Synthesis and electrochemistry of new octa-substituted metal-free and metallophthalocyanines


ACAR İ., SAKA E. T. , Topcu S., BIYIKLIOĞLU Z., KANTEKİN H., AKTAS A.

JOURNAL OF COORDINATION CHEMISTRY, vol.68, no.10, pp.1847-1858, 2015 (Peer-Reviewed Journal) identifier identifier

  • Publication Type: Article / Article
  • Volume: 68 Issue: 10
  • Publication Date: 2015
  • Doi Number: 10.1080/00958972.2015.1022537
  • Journal Name: JOURNAL OF COORDINATION CHEMISTRY
  • Journal Indexes: Science Citation Index Expanded, Scopus
  • Page Numbers: pp.1847-1858

Abstract

The synthesis and characterization of metal-free (H-2-Pc) and metal-containing (Zn, Co, and Cu) derivatives of a symmetrically octa-substituted phthalocyanine derived from 4,5-bis[2-(phenylthio)ethoxy]phthalonitrile were carried out by microwave irradiation.

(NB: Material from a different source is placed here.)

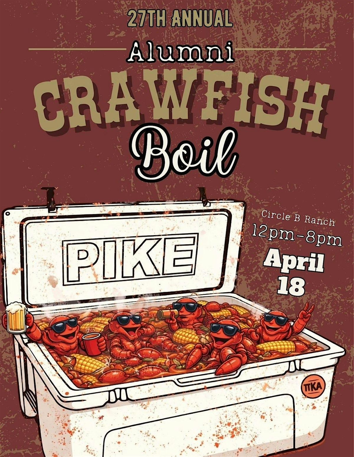 Join us for the 27th Annual Pi Kappa Alpha Alumni Crawfish Boil on April 18, 2026, hosted by the Pi Kappa Alpha Alumni Association at Circle B Ranch!
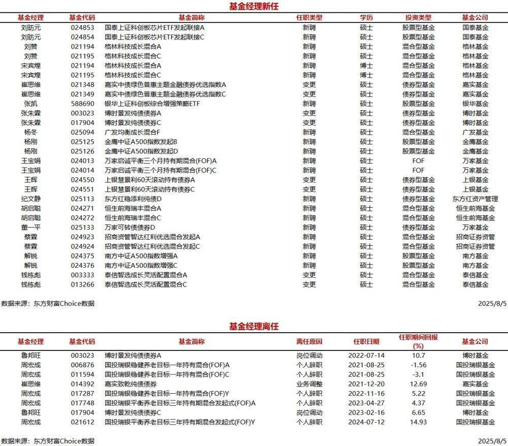 每经AI快讯,据东方财富Choice数据统计,今日新聘基金经理16人,涉及26只基金(A/C类分开计算),主要来自格林基金、万家基金等公 司。另外,今日有3位基金经理离任。 每日经济新闻 | 基金经理 | 基金代码 | 基金简称 | 离任原因 | 任职日期 | 甘肃到同可报 | 其金公司 | | --- | --- | --- | --- | --- | --- | --- | | | | | | | (%) | | | 鲁邦旺 | 003023 | 博时景发纯债债券A | 岗位调动 | 2022-07-14 | 10.7 | 博时基金 | | 周宏成 | 006876 | 国投瑞银稳健养老目标一年持有混合(FOF)A | 个人辞职 | 2021-08-25 | -1.56 | 国投瑞银耳会 | | 周宏成 | 011594 | 国投瑞银稳健养老目标一年持有混合(FOF)C | 个人辞职 | 2021-08-25 | -3.1 | 国投瑞银基金 | | 舞蹈得 | 014392 | 嘉实致乾纯债债券 | 业务调整 | 2021-12-20 | 12.69 | 第二章寺 | | 周宏成 | 017287 | 国 ...

The electrochemical properties of the metal-free phthalocyanine 4 and metallophthalocyanine complexes 5 and 6 were investigated by cyclic voltammetry and differential pulse voltammetry. We have previously investigated the electrochemical properties of the tetra substituted 2-(phenylthio)ethoxy phthalocyanines. The reduction potential of the octa-substituted metal-free phthalocyanine shifted to more negative potential as a result of the electron donating of the 2-(phenylthio)ethoxy groups on the periphery compared to those of tetra substituted. The H2Pc and ZnPc demonstrated ligand-based electron transfer processes, while CoPc complex has a metal-based reduction process. Similar aggregation behavior was observed for octa-substituted phthalocyanines. The compounds were characterized using IR, H-1 NMR, C-13 NMR, elemental analysis, and MS spectral data.